▸ Task requirements
The records below are to be repeated exactly, minus any pictures.

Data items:

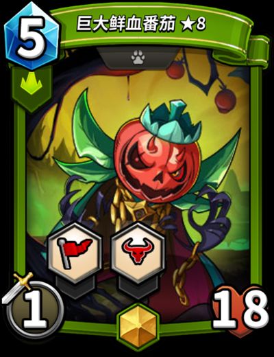 「巨大鲜血番茄」是一张绿色阵营黄金品质怪兽卡。虽然作为前排肉盾角色,在满级后的血量相较于「王子蘑菇」来说稍显逊色,且费用更高,但是其本身就具有近战能力,结合【狂怒】技能,在位于前排吸收更多伤害的同时也能够进一步提升输出能力。搭配【均衡】技能的怪兽,也许能有更大的发挥空间。
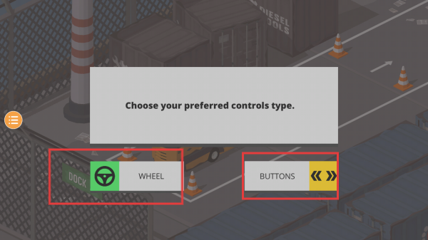 2、在控制方式選擇界面,可選擇WHEEL方向盤(pán)控制或BUTTONS按鈕控制,根據(jù)個(gè)人喜好選擇合適的操控方式。
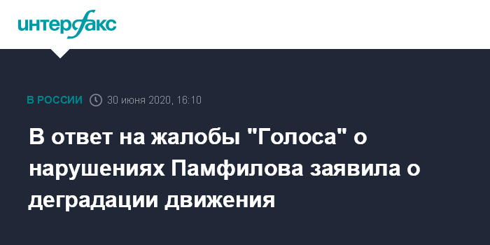 Москва. 30 июня. INTERFAX.RU - Движение в защиту прав избирателей "Голос" заявило о нарушениях на голосовании по Конституции и о многочисленных попытках помешать наблюдателям и организаторам наблюдения. Председатель Центризбиркома Элла Памфилова на это заявила, что организация деградировала и стала токсичной.
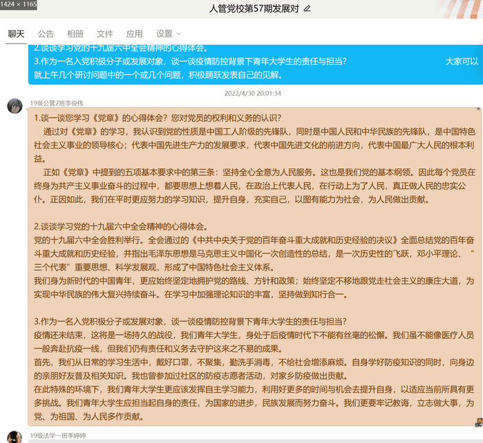 为进一步加强对入党积极分子和发展对象的教育培养,经学校党委研究决定,于2022 年 4月 24日开始举办中共新葡萄官网amg委员会党校第五十七期培训班通过线上开班。本次党课由培训采取专题讲座、观看视频、个人自学、在线研讨、学唱《国际歌》等形式,新葡萄官网amg共47名入党积极分子和19名发展对象参加培训,由班主任王燕威带班培训。
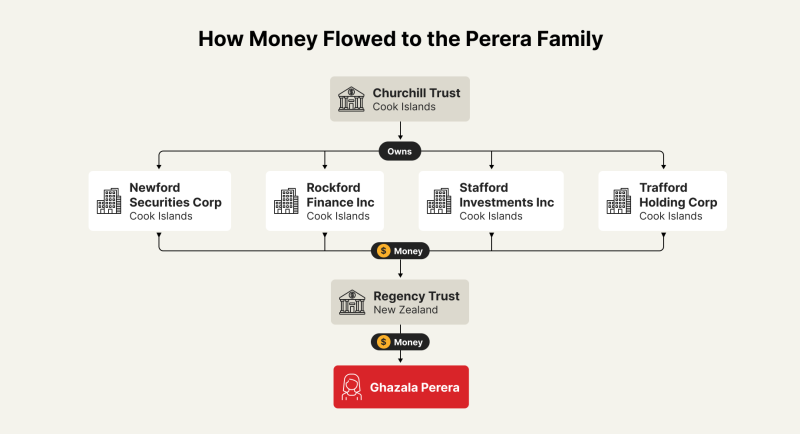 The leaked documents reveal that, on a single day in November 2009, $2.5 million was sent from the four shell companies in the Cook Islands to Regency Trust, of which Perera’s wife Ghazala was a beneficiary, according to loan agreements and contracts.

▸ Response area
 「巨大鲜血番茄」是一张绿色阵营黄金品质怪兽卡。虽然作为前排肉盾角色,在满级后的血量相较于「王子蘑菇」来说稍显逊色,且费用更高,但是其本身就具有近战能力,结合【狂怒】技能,在位于前排吸收更多伤害的同时也能够进一步提升输出能力。搭配【均衡】技能的怪兽,也许能有更大的发挥空间。
 2、在控制方式選擇界面,可選擇WHEEL方向盤(pán)控制或BUTTONS按鈕控制,根據(jù)個(gè)人喜好選擇合適的操控方式。
 Москва. 30 июня. INTERFAX.RU - Движение в защиту прав избирателей "Голос" заявило о нарушениях на голосовании по Конституции и о многочисленных попытках помешать наблюдателям и организаторам наблюдения. Председатель Центризбиркома Элла Памфилова на это заявила, что организация деградировала и стала токсичной.
 为进一步加强对入党积极分子和发展对象的教育培养,经学校党委研究决定,于2022 年 4月 24日开始举办中共新葡萄官网amg委员会党校第五十七期培训班通过线上开班。本次党课由培训采取专题讲座、观看视频、个人自学、在线研讨、学唱《国际歌》等形式,新葡萄官网amg共47名入党积极分子和19名发展对象参加培训,由班主任王燕威带班培训。
 The leaked documents reveal that, on a single day in November 2009, $2.5 million was sent from the four shell companies in the Cook Islands to Regency Trust, of which Perera’s wife Ghazala was a beneficiary, according to loan agreements and contracts.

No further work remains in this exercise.